── Recorded information

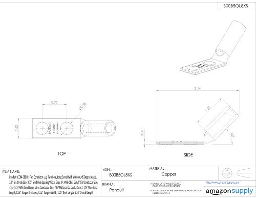 Panduit LCCX4-38BH-L Flex Conductor Lug, Two Hole, Long Barrel With Window, 45 Degree Angle, 3/8" Stud Hole Size, 0.75" Stud Hole Spacing Width, Gray, #4 AWG Class G/H/I/K/M Conductor Size, #5/#4/#3 AWG Diesel Locomotive Conductor Size, #4 AWG Code Conductor Size, 1-1/8" Wire Strip Length, 0.08" Tongue Thickness, 0.62" Tongue Width, 1.05" Neck Length, 2.54" Overall Length [並行輸入品]
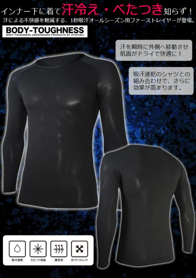 【2点までネコポス可】BT デュアル3Dファーストレイヤーロングスリーブクルーネックシャツ JW-522 BODY TOUGHNESS ボディタフネス おたふく手袋 メンズ オールシーズン 吸汗 速乾 通気性 消臭 ストレッチ
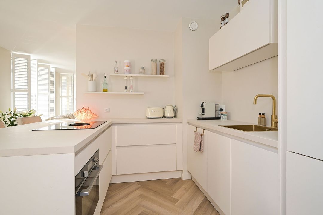 Woningentree via gesloten portiek; eigen voordeur; gang; ruime woonkamer; moderne luxe open keuken met kookeiland voorzien van inductiekookplaat, oven, koelkast, vriezer, vaatwasser en toegang tot de achtertuin; ruime slaapkamer; 2e slaapkamer/kantoor; moderne badkamer met inloopdouche en wastafelmeubel; toilet (wandcloset); riante zij-achtertuin met sfeervolle louncheplek/overkapping.
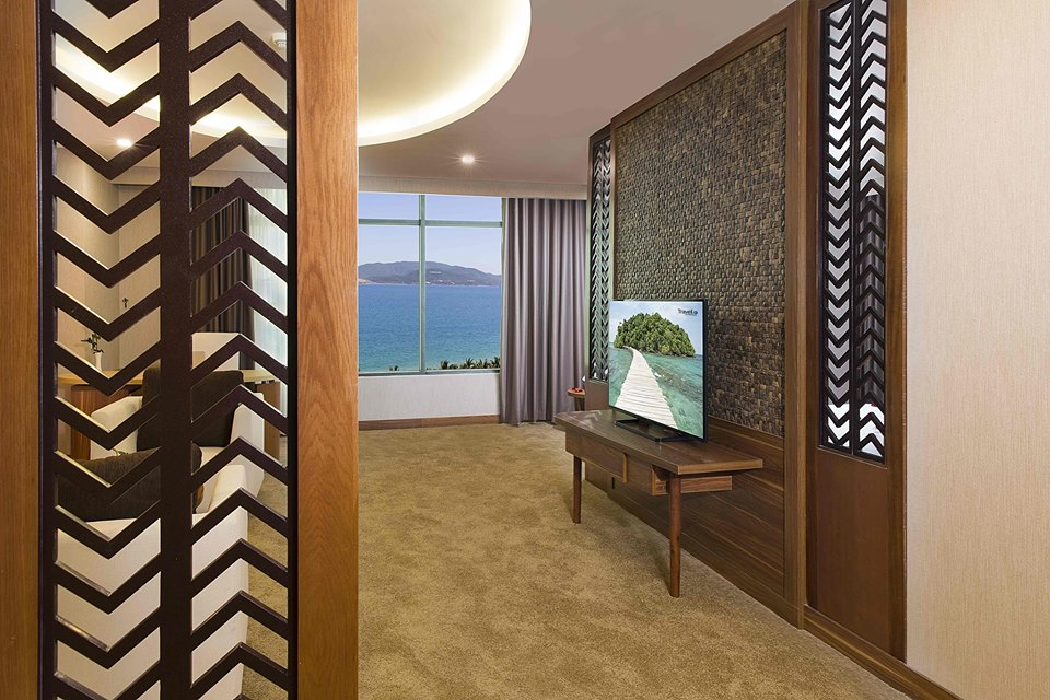 Phòng Executive Suite có diện tích lớn nhất, thiết kế sang trọng với một phòng khách riêng biệt, phòng ngủ có vách kính rộng giúp du khách có tầm nhìn bao quát vịnh Nha Trang. Hai loại phòng còn lại có view hướng biển hoặc thành phố, tùy vào lựa chọn của khách du lịch.

────

# Required action
Here the job is to print all the data exactly, skipping any image.

# Problem solution
 Panduit LCCX4-38BH-L Flex Conductor Lug, Two Hole, Long Barrel With Window, 45 Degree Angle, 3/8" Stud Hole Size, 0.75" Stud Hole Spacing Width, Gray, #4 AWG Class G/H/I/K/M Conductor Size, #5/#4/#3 AWG Diesel Locomotive Conductor Size, #4 AWG Code Conductor Size, 1-1/8" Wire Strip Length, 0.08" Tongue Thickness, 0.62" Tongue Width, 1.05" Neck Length, 2.54" Overall Length [並行輸入品]
 【2点までネコポス可】BT デュアル3Dファーストレイヤーロングスリーブクルーネックシャツ JW-522 BODY TOUGHNESS ボディタフネス おたふく手袋 メンズ オールシーズン 吸汗 速乾 通気性 消臭 ストレッチ
 Woningentree via gesloten portiek; eigen voordeur; gang; ruime woonkamer; moderne luxe open keuken met kookeiland voorzien van inductiekookplaat, oven, koelkast, vriezer, vaatwasser en toegang tot de achtertuin; ruime slaapkamer; 2e slaapkamer/kantoor; moderne badkamer met inloopdouche en wastafelmeubel; toilet (wandcloset); riante zij-achtertuin met sfeervolle louncheplek/overkapping.
 Phòng Executive Suite có diện tích lớn nhất, thiết kế sang trọng với một phòng khách riêng biệt, phòng ngủ có vách kính rộng giúp du khách có tầm nhìn bao quát vịnh Nha Trang. Hai loại phòng còn lại có view hướng biển hoặc thành phố, tùy vào lựa chọn của khách du lịch.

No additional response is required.